<?xml version="1.0" encoding="ISO-8859-1"?>
<!DOCTYPE article SYSTEM "sbk:/style/dtd/article.dtd">

<article status="published"
         year="1997-1999"
         author="J&uuml;rgen Hermann"
         rcsid="$Id: cs7-04.xml,v 1.1 2000/02/16 00:03:56 jh Exp $">

  <copyright>
    This article is Copyright &copy; 1997-98 by J&uuml;rgen Hermann<br/>
    and Copyright &copy; 1999 by C-Scene. All Rights Reserved.
  </copyright>

<s1 title="Callbacks in C++: The OO Way">

  <s2 title="What are Callbacks?">
<p>Many operating systems and other subsystems (like GUI libraries) feature 
a special type of hook into those systems, named callbacks or callback 
functions. Upon initialization or by calling an API function you pass 
pointers to the callback into the subsystem, for later use.
The problem with those functions is, since these subsystems are nowadays 
not yet OO, that they have no notion of what an object is. So if you want 
to have a <em>callback object&nbsp;</em> instead of a mere function, some 
OO magic is called for.</p>

<p>As an example, consider the <code>BeginThread</code> API that many OSes have 
in a quite similar form; we assume that it takes a pointer to the function 
that provides the actual code for the newly created thread plus a <em>data
pointer&nbsp;</em> that is passed to that function as a startup parameter. Thus, 
we end up with <code>BeginThread (void (*thread_func) (void*), void* startup_data)</code>. 
Now let's make a <code>Thread</code> class of that.</p>


  </s2>

  <s2 title="A simple Thread class">

<p>What we want to have is an ABC (abstract base class) that you can inherit from, 
creating specialized thread classes and in turn thread objects (i.e. actual 
threads). The code of the thread is located in a <em>pure virtual&nbsp;</em> function
<code>code</code> that is provided by the inherited class. <code>code</code> is then 
similar to the <code>thread_func</code> parameter of the <code>BeginThread</code> call,
but is a full-blown member function, not just a C function.

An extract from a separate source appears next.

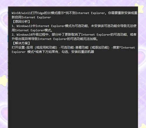 随着互联网的飞速发展,IE浏览器一直以来都是广大网民最常用的浏览器之一,但是有时候我们会遇到一些问题,例如IE图标不见了,这时候就会让我们感到头疼。如何找回IE图标呢?下面就为大家介绍几个简单的妙招。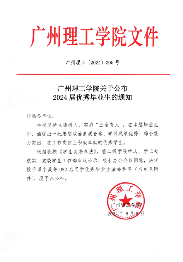 关于公布2024届优秀毕业生的通知

So, we get this interface for the <code>Thread</code> class:</p>
<source>
class Thread {
public:
    virtual ~Thread();
    void run();

protected:
    Thread();
    virtual void code() = 0;

private:
    int running;

    static void dispatch(void* thread_obj);
};
</source>

<p>This might seem quite unusual to you (like having a protected constructor), but 
things will be explained in due course.</p>


  </s2>

  <s2 title="Thread implementation">

<p>When we put the thread concept into a class, we have to consider lifetime. A 
thread exists as long as the thread function does not return, thus the object 
has to have the same lifetime. Because of this, an <code>auto</code> thread object does not 
make much sense; we insure that every thread object exists on the heap by making 
the ctor protected and providing a static factory method <code>create</code> for 
thread objects in each derived class:</p>
<source>
Thread::Thread() 
    : running(0) 
{
}

DerivedThread&amp; DerivedThread::create()
{
    return *new DerivedThread;
}
</source>

<p><code>create</code> has to be added to every inherited class, returning an object 
of that class.</p>

<p>Next, we need a <code>run</code> method that actually starts the thread. 
This can't be done in the ctor: when <code>code</code> would be registered 
as a thread of execution in the <em>base class&nbsp;</em> ctor, the superclass 
would not yet be fully created and calling <code>code</code> would be quite invalid
and dangerous. <code>run</code> does its job by registering the <code>dispatch</code>
function as a thread, giving that thread the object pointer as a startup parameter;
since <code>dispatch</code> is static, it has a prototype
that matches the <code>void(*)(void*)</code> parameter of <code>BeginThread</code>.</p>
<source>
void Thread::run()
{
    // Don't start two threads on the same object
    if (running) return;

    // Create an OS thread, using the static callback
    BeginThread(Thread::dispatch, this);
    running = 1;
}
</source>

<p>So finally, <code>dispatch</code> is called and performs the step from a procedural
callback to the callback object:</p>
<source>
void Thread::dispatch(void* thread_obj)
{
    // Call the actual OO thread code
    ((Thread*)thread_obj)->code();

    // After code() returns, kill the thread object
    delete (Thread*)thread_obj;
}
</source>


  </s2>

  <s2 title="A real Thread class">

<p>A real-world thread class has to consider a few things we have ignored here.
These things include:
</p>
<ol>
<li> more access to the thread data, like a method giving the thread ID.</li>
<li> a method for killing the thread, including the deletion of the thread object.</li>
</ol>

<p>Developed and tested on Windows NT, this is the
<jump href="../../archives/callback.cpp.txt">source</jump> for a little example program that implements the above in the real world.
If you run it, you get something similar to the following output:</p>

<source>
[\cscene\callback]callback
Started thread #80 for dice1
Started thread #84 for dice2
dice1 rolled 1
dice2 rolled 1
dice2 rolled 3
dice1 rolled 1
dice2 rolled 4
dice1 rolled 6
dice1 rolled 3
dice2 rolled 3
dice1 rolled 1
dice1 rolled 4
dice2 rolled 4
dice2 rolled 3
dice1 rolled 1
dice2 rolled 6
dice1 rolled 2
dice2 rolled 2
dice1 rolled 1
dice2 rolled 4
dice2 rolled 1
dice1 rolled 4
dice1 rolled 5
dice2 rolled 1
dice1 rolled 3
dice2 rolled 3
dice1 rolled 2
dice1 rolled 6
dice2 rolled 2
dice1 rolled 1
dice2 rolled 3
dice1 rolled 4
dice1 rolled 5
dice2 rolled 3
dice2 rolled 6
dice1 rolled 4
</source>

<p>Have fun!</p>

  </s2>
</s1>
</article>